Crowding around her, they saw the candle had burned almost to the ground, with only an inch of stub remaining in a pool of soft wax. “I wondered how long we’d been gone,” she said. “There’s no time left at all.”
“Then we need to move fast,” Hellboy said. “We’ve still got a chance. The shaman said the Kiss’s power waxes and wanes like the moon. The wolves got free when it powered right down—it just wasn’t strong enough to keep them inside their hosts. All we’ve got to do is wait for it to start charging up again and the wolves will be locked away for another few hundred years.”
“Except we don’t know how long till it starts waxing,” Lisa replied.
In the hall, they hesitated briefly at the sounds rising up through the floor from the lower levels, and then Hellboy pressed the opera glasses to his eyes to reveal the blue trail and bounded up the stairs two at a time. The others tried to keep up.
Plaintive whispering echoed from the dark at the ends of the landings, but Hellboy didn’t slow his pace as he followed the intricate ritual path to the attic-room door. Inside, it was unbearably cold. Frost gleamed on the walls in the lamplight, and icicles hung from the bottom of the window ledge. Their breath formed clouds and they thrust their hands deep into pockets to keep warm.
Looking out of the window, Hellboy saw the wolves had returned. Across the roofs all around, and in ranks in the square, they waited, sentinel-like, watching the house. The opera glasses revealed Carnifex standing on the edge of the roof opposite, defiantly looking directly into the attic room.
Hellboy turned his attention to the row of paintings on the opposite wall. The blue trail ended at the one of Sarah. Carefully, he lifted the portrait off the hook to reveal the gleaming sapphire rectangle beneath. Within seconds, the gargoyle head pushed out of the plaster. Everyone took a step back.
After a moment, Lisa asked, “Why isn’t it asking for the password?”
Hellboy considered this, then said, “What is the word?”
“As above, so below,” the gargoyle responded.
“Is it saying that’s the password?” Brad queried.
“I don’t think so.” Hellboy considered the gargoyle’s response for a second, and then said, “How about this? The house is a mirror image above and below ground, and we have to do the same. It takes two people to finish the ritual, one in front of each gargoyle. As above, so below, get it? Once that happens, you can get the password up here, and take it down to the attic room belowground.” He paused. “Maybe.”
“While following the ritual path,” William added.
“Looks like it.”
“Wait a minute,” Lisa said. “You’re telling me we’ve got to split up? With that thing down there? Or up here? Or wherever the hell it is.”
“We haven’t got a choice,” Brad said gently. “We’ve got to help.”
“The best bet is for me to escort you downstairs, then come back up here,” Hellboy said. “At least that way you only have to make one journey through the house.”
“What if that thing comes for us while we’re in that room alone?” William asked.

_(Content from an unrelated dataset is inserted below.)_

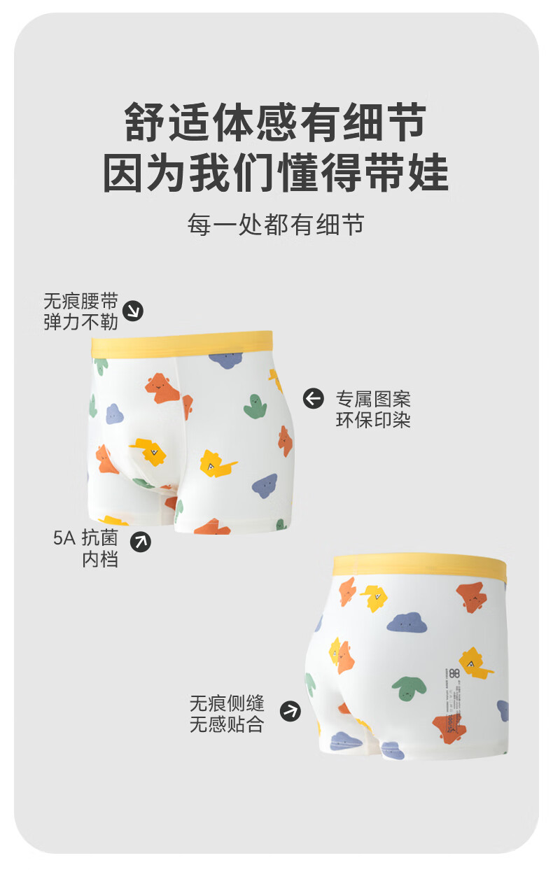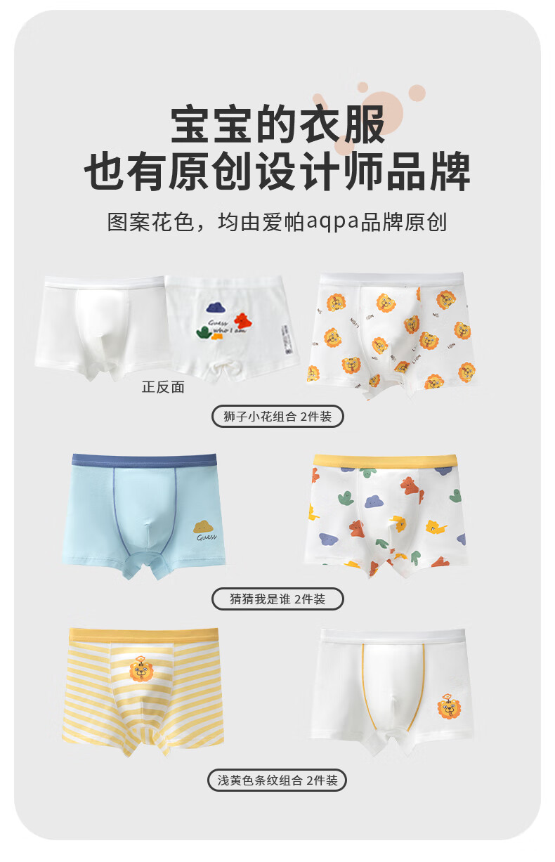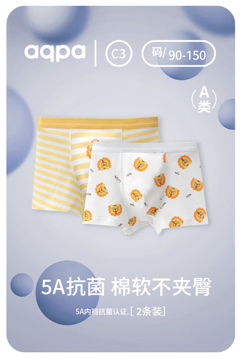 aqpa【5A抑菌】儿童内裤女童男童平角不夹屁屁宝宝夏短裤纯棉透气2条 狮子小花组合男款 2条 120cm

“I’ll be as quick as I can,” Hellboy replied. They understood his meaning: they were on their own until then.
At the top of the stairs, Hellboy said, “Don’t stop for anything.” And with that, he led the way. In the aboveground portion of the house, the most they experienced were unnatural noises behind the walls, areas where a foul smell hung, and numerous cold spots. But once they had passed through the cellar, the haunting became more intense. Their names were whispered by half-remembered voices, people who had died long ago, loved ones or bitter enemies, seductive and threatening. Unseen hands grasped at their clothes so they thought they had snagged them on nails, but when they stopped and turned, the material fell loose. Lights glimmered away in the dark, appearing to coalesce into faces they thought they recognized; they didn’t wait to look. Blood dripped on them from the ceiling, gone the moment they examined the stains.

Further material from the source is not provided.